Le drainage simple est inefficace dans le cas de la nanophtalmie : des complications iatrogènes fréquentes peuvent survenir si les techniques conventionnelles ab externo ou ab interno sont utilisées (cf. infra). Dans ce cas particulier, une chirurgie de délamination sclérale et de décompression des veines vortiqueuses est indiquée [7] (fig. 33-1). Pour ces yeux très fragiles, toute indication chirurgicale doit être mûrement posée, afin d’éviter la survenue d’un décollement choroïdien souvent majeur et réfractaire.

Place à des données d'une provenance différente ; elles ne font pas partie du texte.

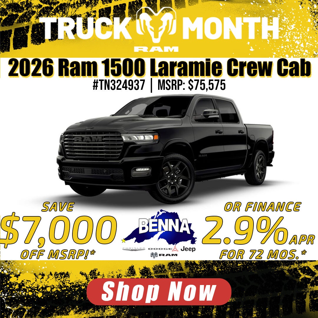 *Stock #TN324937. MSRP: $75,575. MSRP may not represent actual sales price. Total savings of $7,000 off MSRP which includes $2,500 Benna Dealer Discount + $3,500 National Retail Consumer Cash + $1,000 National Bonus Cash. Buy for $68,575 plus tax, title, license and $499 service fee. On approved credit. Vehicle subject to prior sale. See dealer for details. Offer ends 3/2/2026. Or finance with available 2.9% APR (Annual Percentage Rate) for 72 months. Total savings of $2,500 which includes $2,500 Benna Dealer Discount. Buy for $73,075 plus tax, title, license and $499 service fee. Must finance with SFS (Stellantis Financial Services). On approved credit. Vehicle subject to prior sale. See dealer for details. Offer ends 3/2/2026. **20 Year / 200,000 Mile Limited Warranty Available on qualifying new vehicle purchases only. Warranty is not included with leases. Other restrictions may apply due to vehicle type, engine, mileage, and model year. See dealer for complete details.
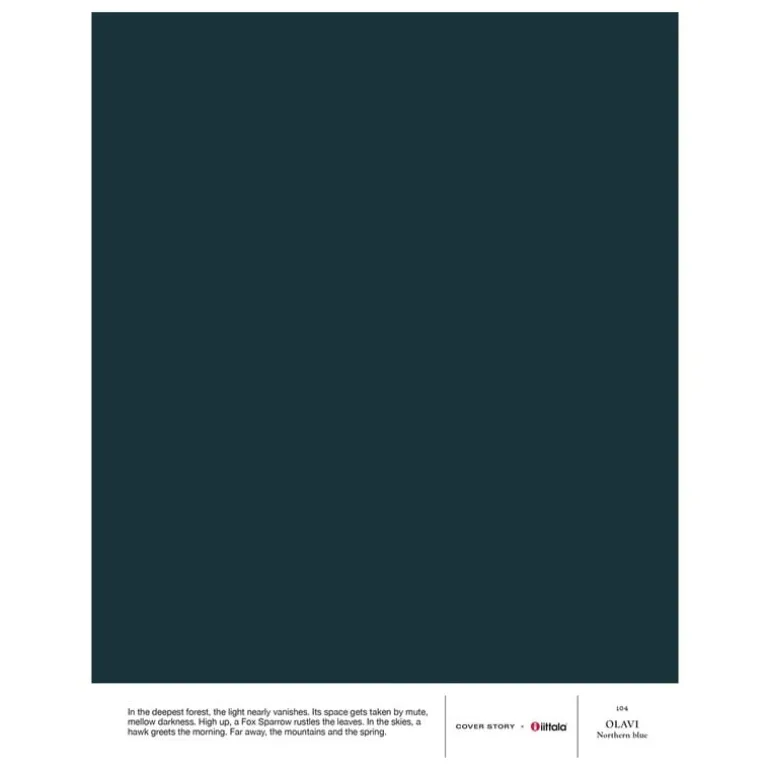 Cover Storys nyans i04 Olavi är en mörk marinblå med petrolundertoner som gör den till det perfekta paret för kallare toner – men också den idealiska motparten för varma vita. När det gäller möbler kompletterar den mystiska blå nyansen mörkare trätoner och patinerade ytor. Som en del av Cover Story x Iittala-kapselkollektionen är färgen inspirerad av Iittalas omfattande glasfärgarkiv: Olavis slående nyans är Cover Storys tolkning av Iittalas blåfärgade glas.

Fig. 33-1 Nanophtalmie. a. Œil nanophtalme opéré précédemment de cataracte et ayant développé à la suite un décollement choroïdien inférieur chronique associé à des synéchies iridocapsulaires. b. Développement d’un décollement de rétine inférieur non rhegmatogène avec exsudats protéiques (flèche). c. Le traitement chirurgical consiste en un amincissement scléral au niveau de chaque quadrant par ablation d’un volet scléral de 7 mm à 8 mm de large autour de la zone de pénétration des veines vortiqueuses dans la paroi sclérale. d. L’ablation du volet scléral permet la décompression de chaque veine vortiqueuse au niveau de son trajet intrascléral.
Hémorragie suprachoroïdienne
C’est Terson qui, en 1894, introduisit le terme d’hémorragie expulsive pour objectiver le caractère aigu et massif d’une hémorragie suprachoroïdienne expulsant hors de l’œil les tissus intraoculaires [32]. Le terme d’hémorragie suprachoroïdienne, plus précis anatomiquement, sera utilisé ici car il englobe les différents types d’hémorragie suprachoroïdienne, fonction du volume ou du délai d’apparition par rapport à l’acte chirurgical.
INCIDENCE
Une hémorragie suprachoroïdienne peut apparaître lors de la chirurgie intraoculaire avec une incidence globale de 0,05 % à 6,1 % en fonction des études [10], particulièrement au cours des interventions chirurgicales entraînant des fluctuations importantes de la pression intraoculaire. La chirurgie du décollement de rétine n’échappe pas à cette complication et l’incidence de survenue d’une hémorragie suprachoroïdienne après chirurgie vitréorétinienne varie de 0,17 % à 1,9 % [12, 23, 26, 27]. Dans une étude de mille cinq cents décollements de rétine traités par indentation [12], Hawkins et Schepens ont retrouvé quinze cas d’hémorragie suprachoroïdienne massive (expulsive) survenant à la suite d’une hypotonie oculaire provoquée par le drainage transchoroïdien du liquide sous-rétinien. Dans trois quarts des cas, l’hémorragie suprachoroïdienne était localisée dans le même quadrant que celui du site de perforation. Dans une autre étude concernant treize cas d’hémorragies suprachoroïdiennes péri-opératoires après vitrectomie, l’hémorragie suprachoroïdienne survenait dans dix cas en per-opératoire (1,5 %) et dans trois cas en postopératoire précoce (0,44 %) [23].